DISCLAIMER: THIS IS NOT THE EXTRA CREDIT POST FOR BILL NYE. THIS IS A REGULAR FRIDAY BLOG POST THAT HAPPENS TO BE FROM BILL NYE’S ARTICLE.
But you all should definitely go check him out at GW’s Lisner Hall on Wednesday night!
Many of us know Bill Nye the Science Guy as the quirky man who popped up on our classroom projectors explaining what cells are and how they work or other topics from science. In this article, he takes on a new topic that I think will make his young viewers a little uneasy: sex! To be more accurate, he explains how sexual selection is an evolutionary trait, something that exists so that all biological organisms could evolve. Nye starts his article with a comedic introduction, for all of the readers out there who might be uncomfortable with this topic, by saying that the best evidence for sexual selection is when he caught himself staring at his hot cousin. Obviously, this means that our sex drive is a biological characteristic that is instilled in everyone.
Nye points out that not only humans experience sexual selection but animals, plants, trees, bugs all have to mate to produce offspring. The article highlights the unique, and often difficult, sexual processes of different organisms. Like apple trees, they put in immense effort to produce the trunk, branches, leaves, and apples, all in hopes that some other organism will take an apple and plant the tree’s seed somewhere else. He speculates that sexual selection began with two primordial microbes that shared genes with each other and these began to develop into complex genes which lead to the invention of sex.
To simplify natural selection and sexual selection, he describes the latter as the first step in a stream of reproduction. Organisms must first select a mate to make “good-enough” offspring with. Nye argues that this concept of producing “good enough” offspring is more practical than saying the “fittest” offspring.
Referring back to Nye’s explanation of the birth of sexual selection, he maintains that the reason why there are only two binary sexes is because sex began with two microbes, one being the recipient and the other the donor.
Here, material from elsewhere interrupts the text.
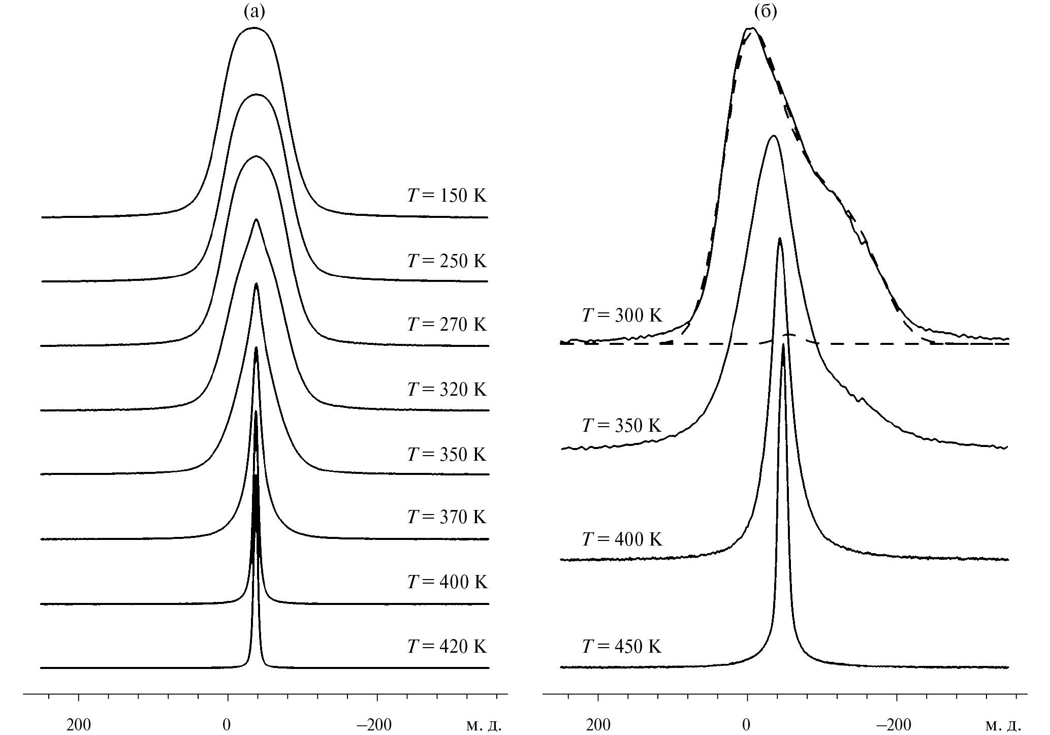 Рис. 2. Спектры ЯМР 19F модельных образцов β-PbF2 (а) и SnF2 (б) при разных температурах. Разложение одного из спектров на компоненты, описываемые функциями Бломбергена–Роуланда и Гаусса (б, пунктир)

With the rise in awareness of the queer culture, does Nye’s argument of a two-sex society conflict with people who identify as intersex or transexual? Or does it provide a different insight on this society? Adn what about asexual people, who have little to no desire to mate? Where do sexual selection and eugenics differ and is the urge to produce a child that is physically and mentally “good enough” an unconscious factor that influences mate selection?